Despite a close lower on Friday, the bulls had every reason to break open the champagne and raise a glass.
Stocks put in their best December in about two decades with the S&P 500 posting a 6.5% gain for the month.
And looking back at the entire year, the S&P climbed 12.8 percent, the Dow added 11 percent and the Nasdaq surged 16.9 percent.
To the chagrin of the bears, the market is now trading at pre-Lehman levels.
But for 2011, investors find themselves at a crossroads. Companies are starting to hire, manufacturing is picking up and banks are starting to lend.
However, China is slowing down, interest rates are rising and housing prices are going nowhere.

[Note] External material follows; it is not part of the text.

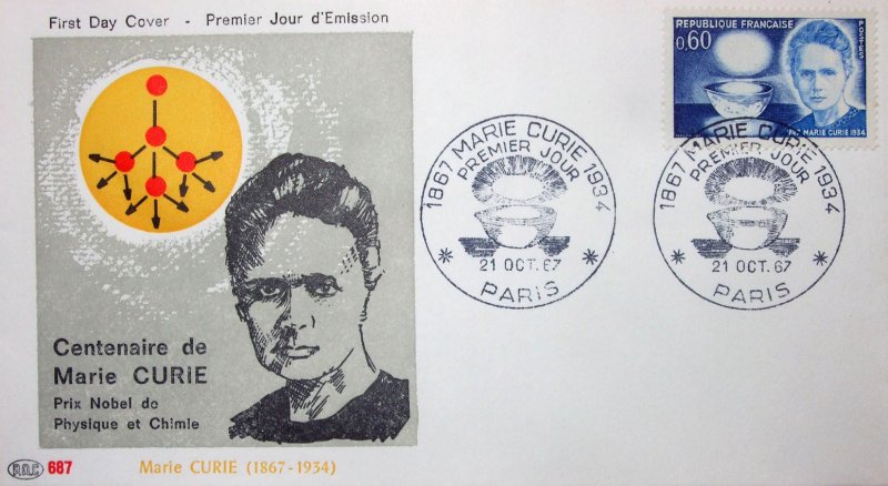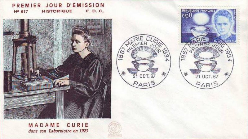 | Description | Centenaire de la naissance de Marie Curie (1867-1934), morte à Passy (Haute-Savoie) |

With plenty of bullish and bearish catalysts influencing the market, should you position for further gains or a sharp sell-off?
Instant Insights with the Fast Money traders
Brian Kelly tells the desk he’s fairly bullish into 2011. “As long as the Federal Reserve continues with QE2 I’d expect stocks to continue higher,” he says.
He also points to the surprising resiliency of the consumer. "Just look at what happened at Disneyland this week," he says. "The crowds were so big they had to close the gates."
But Kelly concedes the potential of a housing double dip presents challenges. Should home prices decline significantly, it would create a strong headwind for the banks, he says.
True to his contrariarn nature, Steve Cortes leans to the bearish side. He doesn’t like the action in the Shanghai Composite, which he says has performed terribly; the weakness he feels is emblematic of China's slowdown. In turn, that presents headwinds for commodities. “I don’t believe there’s enough commodity demand without China to keep this bull going.”